Design
Design criteria and desired functionality
Autonomous Navigation: Be capable of collision-free navigation and real-time obstacle detection
Exploration & Mapping: Be able to autonomously explore and incrementally map unknown environments
Safety: Maneuver safely around debris and obstacle, maintaining conservative velocity limits and safety margins in both path planning and execution
Hardware Integration: Needs to operate on the Unitree Go2 quadruped robot and be fully integrated within the ROS2 ecosystem
Description of Chosen Design
The system follows a standard perception–planning–actuation pipeline built on ROS2 and tailored to the Unitree Go2 hardware platform.
Sensing
- Lidar: The robot uses a 3D Lidar sensor to capture environmental data and detect obstacles in real time
- Odometry: The robot tracks its current pose and motion through an onboard odometry system. This estimate is derived from internal sensor fusion, including joint encoders, IMU data, and foot contact information.
Planning
The navigation and exploration pipeline consists of the following stages:
- Lidar to 2D Occupancy Grid: 3D Lidar data is projected into a 2D occupancy grid
- 2D Occupancy Grid to CostMap: The occupancy grid is inflated and converted into a costmap for navigation planning
- Costmap to frontiers: Frontiers are identified as boundaries between free space and unknown space
- Frontier Selection: A suitable frontier is selected as the next exploration goal.

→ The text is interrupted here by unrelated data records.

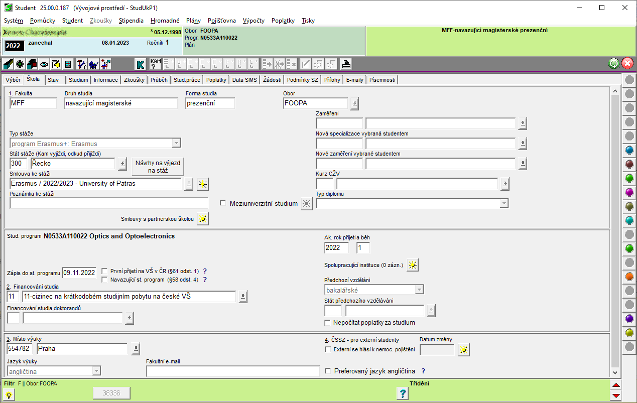 - Zaměření - detailnější členění jednotlivých fakultních oborů. Při výběru "Zaměření" nabízí pouze zaměření určené pro studijní obor daného studenta, s odpovídajícím nebo nevyplněným druhem studia (položka SPDRUH) v číselníku "Zaměření" (SPEC).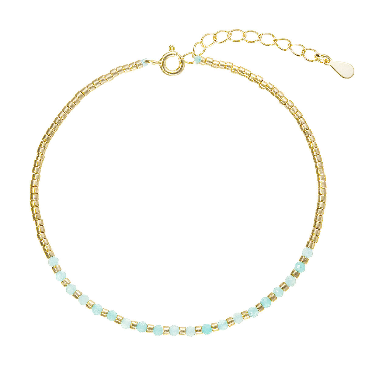 Tento jemný náramek je vyroben z pozlaceného stříbra a zdoben pravými amazonity. Skládá se z drobných zlatavých korálků, které tvoří většinu náramku, a ze sekce světle modrozelených korálků z amazonitu, jež mu dodávají svěží a elegantní vzhled.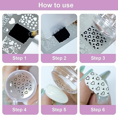 【Facile da Usare】Basta applicare una quantità adeguata di smalto per unghie sullo stencil per nail art, raschiare la colla in eccesso con un raschietto, premere il timbro trasparente sullo stencil per nail art, dopo che il motivo è stato stampato sul timbro, puoi farlo stampa il motivo sulle tue unghie. L'operazione è semplice e conveniente, adatta a professionisti e amatori che amano la nail art.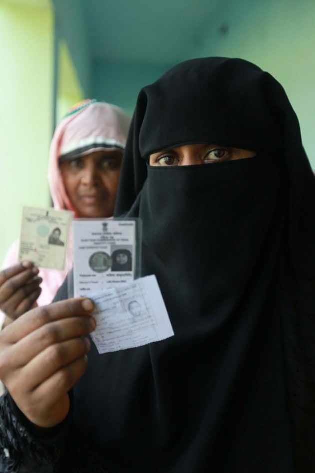 Muslim voters show their voter's identity card. ( Source: Express photo by Subham Dutta )

- Navigation to chosen frontier: The robot navigates autonomously to the selected frontier using Nav2.
Actuation
- Velocity command Interface: Velocity commands generated by Nav2 (cmd_vel) are converted into Unitree-specific API calls, enabling seamless integration between ROS2 navigation and the robot’s low-level control interface.
Design Choices and Trade-offs
Lidar to 2D occupancy grid
To generate a 2D occupancy grid from 3D LiDAR data, points within a vertical column were selected and aggregated. The occupancy state of each grid cell was determined using a log-odds update formulation applied across all points in that column.
- Design choice: Use of log-odds probabilities for occupancy updates.
- Trade-off: Probability (of update) is tuned individually for free and occupied space to balance map stability against responsiveness for dynamic obstacles
Frontier identification and selection
A frontier is defined as a point on the border of the known region and unknown region. These would be areas that the lidar hasn’t seen before, such as areas behind obstacles. It also includes the space directly behind or even inside an obstacle, since only the front edge of the obstacle is observed.
- Design choice: We chose to filter out these frontiers by removing candidates that were too close to obstacles by comparing with the occupancy grid.
- Trade-off: Improves safety and reliability, at the expense of reduced exploration completeness for narrow passages and edge cases, and bias towards open space
- Design Choice: Use Euclidean distance for simplicity and speed of development
- Trade-off: Euclidean distance was chosen for simplicity, at the expense of suboptimal frontiers compared to a more computationally complex path-length choice computed by Nav2.